Content starts

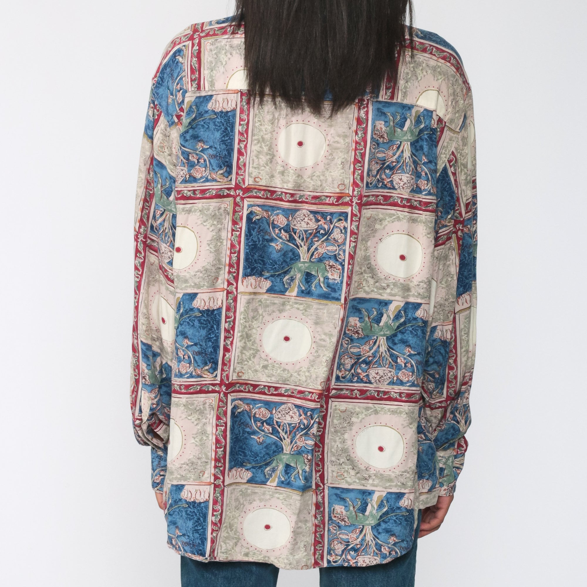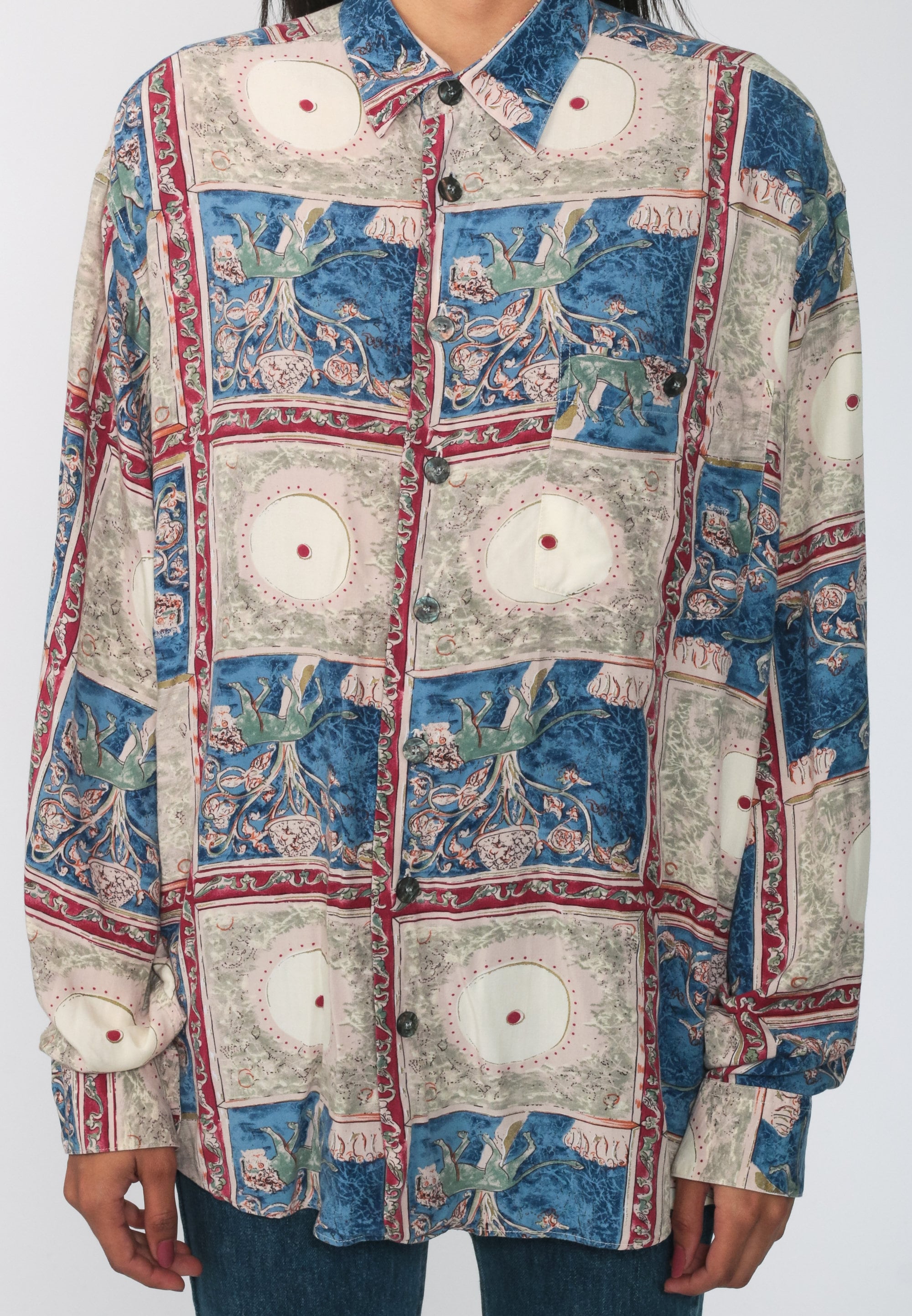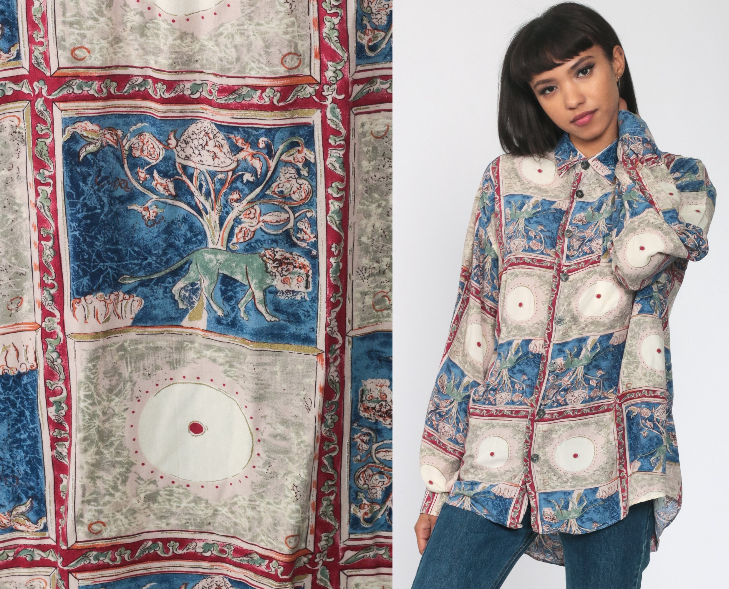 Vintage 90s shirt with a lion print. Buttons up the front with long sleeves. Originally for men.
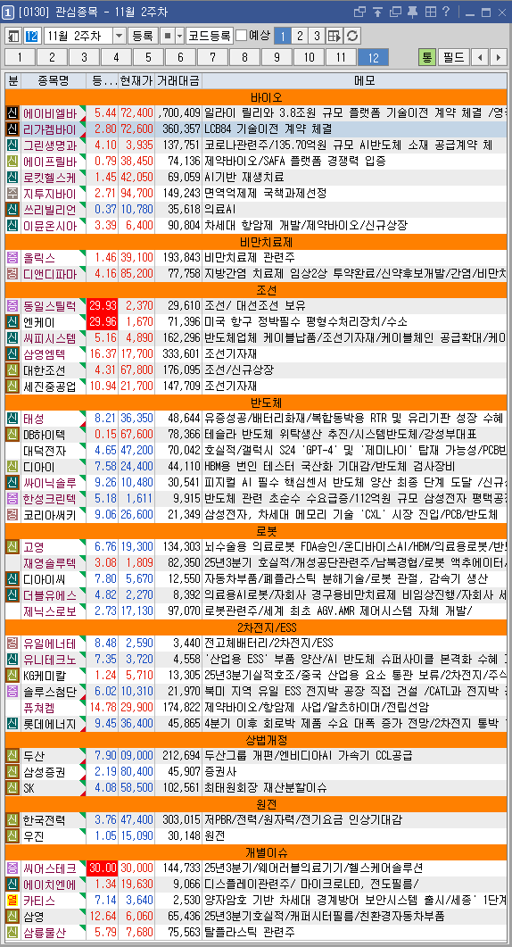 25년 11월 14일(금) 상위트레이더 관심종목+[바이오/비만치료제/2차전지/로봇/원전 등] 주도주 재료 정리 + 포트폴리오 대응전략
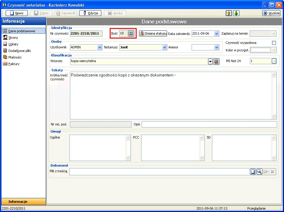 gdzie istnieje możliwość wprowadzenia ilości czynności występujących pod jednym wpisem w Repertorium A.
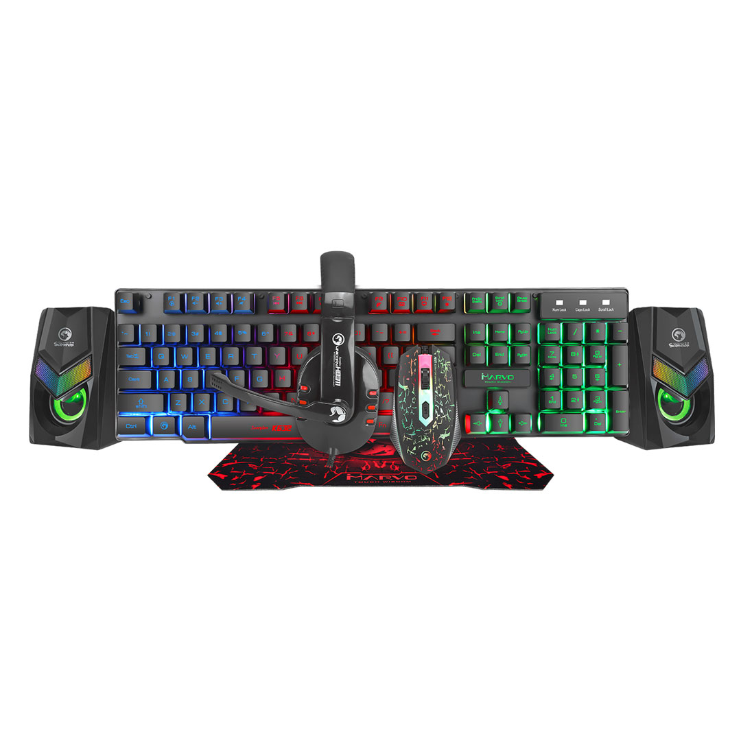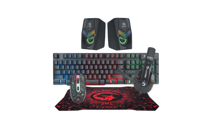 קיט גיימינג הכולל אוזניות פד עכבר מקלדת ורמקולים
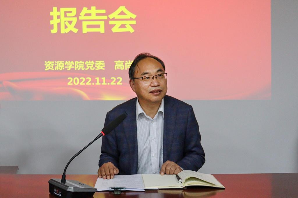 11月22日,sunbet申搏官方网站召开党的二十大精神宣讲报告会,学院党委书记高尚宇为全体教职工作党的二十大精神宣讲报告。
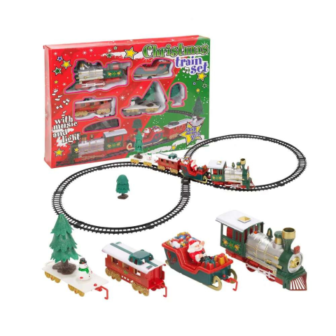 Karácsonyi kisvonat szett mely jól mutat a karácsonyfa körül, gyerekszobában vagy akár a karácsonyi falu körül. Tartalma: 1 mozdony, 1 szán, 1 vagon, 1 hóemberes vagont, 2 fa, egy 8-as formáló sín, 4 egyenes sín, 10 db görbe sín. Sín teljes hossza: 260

Content ends

Work request
Please give back an exact copy of the entries above from their first line through the line containing "קיט גיימינג הכולל", leaving the pictures aside.

Result
 Vintage 90s shirt with a lion print. Buttons up the front with long sleeves. Originally for men.
 25년 11월 14일(금) 상위트레이더 관심종목+[바이오/비만치료제/2차전지/로봇/원전 등] 주도주 재료 정리 + 포트폴리오 대응전략
 gdzie istnieje możliwość wprowadzenia ilości czynności występujących pod jednym wpisem w Repertorium A.
 קיט גיימינג הכולל אוזניות פד עכבר מקלדת ורמקולים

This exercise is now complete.